[Work to complete]: Work through the listing below and give again exactly the lines from the one with "일단 패키지가 깔끔하고" to the one with "Frezyderm在国内看似", both ends included. All other lines and all pictures stay out.

[Data records]:
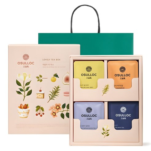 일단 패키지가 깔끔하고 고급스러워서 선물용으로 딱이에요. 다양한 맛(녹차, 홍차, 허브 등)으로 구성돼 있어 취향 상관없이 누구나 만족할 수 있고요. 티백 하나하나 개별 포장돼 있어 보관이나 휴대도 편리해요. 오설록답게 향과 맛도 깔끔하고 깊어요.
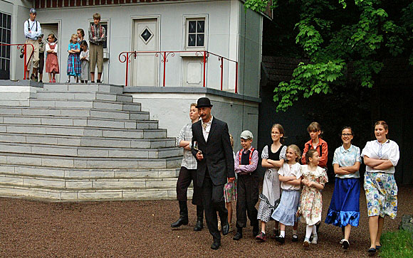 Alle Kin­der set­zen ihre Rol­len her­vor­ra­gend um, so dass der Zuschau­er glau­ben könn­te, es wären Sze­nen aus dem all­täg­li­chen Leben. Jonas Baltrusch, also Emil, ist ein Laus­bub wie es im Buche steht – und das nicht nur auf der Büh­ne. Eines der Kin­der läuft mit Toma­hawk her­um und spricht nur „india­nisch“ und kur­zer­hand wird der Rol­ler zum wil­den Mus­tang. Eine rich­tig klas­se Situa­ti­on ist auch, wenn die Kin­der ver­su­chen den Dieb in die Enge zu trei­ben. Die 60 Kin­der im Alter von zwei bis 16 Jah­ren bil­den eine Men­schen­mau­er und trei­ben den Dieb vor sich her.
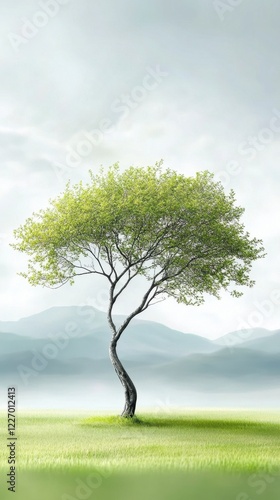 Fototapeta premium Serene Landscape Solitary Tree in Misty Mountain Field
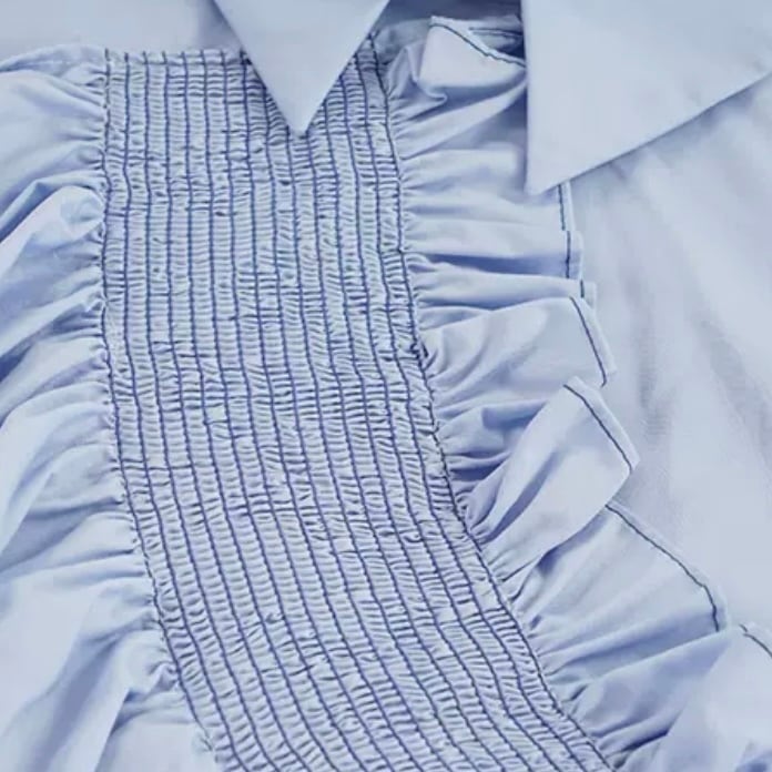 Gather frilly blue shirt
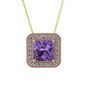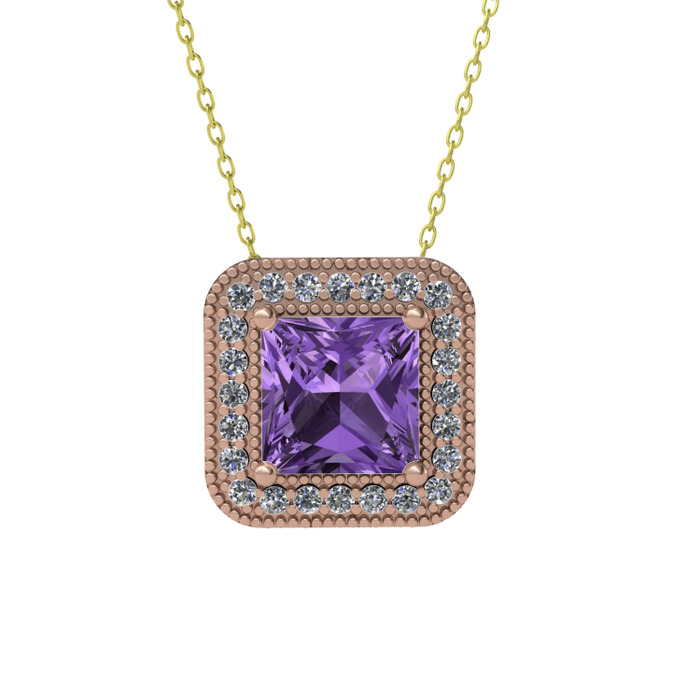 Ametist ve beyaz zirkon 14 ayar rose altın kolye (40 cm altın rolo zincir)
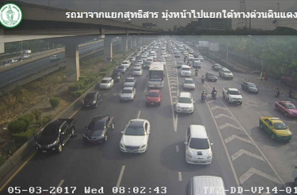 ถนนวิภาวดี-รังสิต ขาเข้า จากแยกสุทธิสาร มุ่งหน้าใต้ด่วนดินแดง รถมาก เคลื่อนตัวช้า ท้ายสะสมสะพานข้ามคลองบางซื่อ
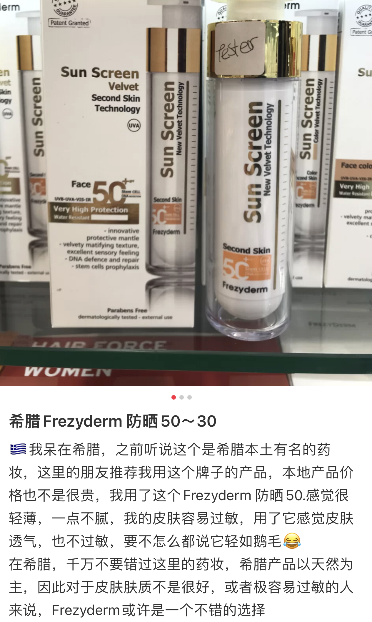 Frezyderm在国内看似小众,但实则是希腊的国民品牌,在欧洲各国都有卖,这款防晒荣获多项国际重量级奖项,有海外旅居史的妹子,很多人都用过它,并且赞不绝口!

==

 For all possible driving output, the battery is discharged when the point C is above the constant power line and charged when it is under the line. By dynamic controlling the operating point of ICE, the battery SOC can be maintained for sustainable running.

[Result for this exercise]:
 일단 패키지가 깔끔하고 고급스러워서 선물용으로 딱이에요. 다양한 맛(녹차, 홍차, 허브 등)으로 구성돼 있어 취향 상관없이 누구나 만족할 수 있고요. 티백 하나하나 개별 포장돼 있어 보관이나 휴대도 편리해요. 오설록답게 향과 맛도 깔끔하고 깊어요.
 Alle Kin­der set­zen ihre Rol­len her­vor­ra­gend um, so dass der Zuschau­er glau­ben könn­te, es wären Sze­nen aus dem all­täg­li­chen Leben. Jonas Baltrusch, also Emil, ist ein Laus­bub wie es im Buche steht – und das nicht nur auf der Büh­ne. Eines der Kin­der läuft mit Toma­hawk her­um und spricht nur „india­nisch“ und kur­zer­hand wird der Rol­ler zum wil­den Mus­tang. Eine rich­tig klas­se Situa­ti­on ist auch, wenn die Kin­der ver­su­chen den Dieb in die Enge zu trei­ben. Die 60 Kin­der im Alter von zwei bis 16 Jah­ren bil­den eine Men­schen­mau­er und trei­ben den Dieb vor sich her.
 Fototapeta premium Serene Landscape Solitary Tree in Misty Mountain Field
 Gather frilly blue shirt
 Ametist ve beyaz zirkon 14 ayar rose altın kolye (40 cm altın rolo zincir)
 ถนนวิภาวดี-รังสิต ขาเข้า จากแยกสุทธิสาร มุ่งหน้าใต้ด่วนดินแดง รถมาก เคลื่อนตัวช้า ท้ายสะสมสะพานข้ามคลองบางซื่อ
 Frezyderm在国内看似小众,但实则是希腊的国民品牌,在欧洲各国都有卖,这款防晒荣获多项国际重量级奖项,有海外旅居史的妹子,很多人都用过它,并且赞不绝口!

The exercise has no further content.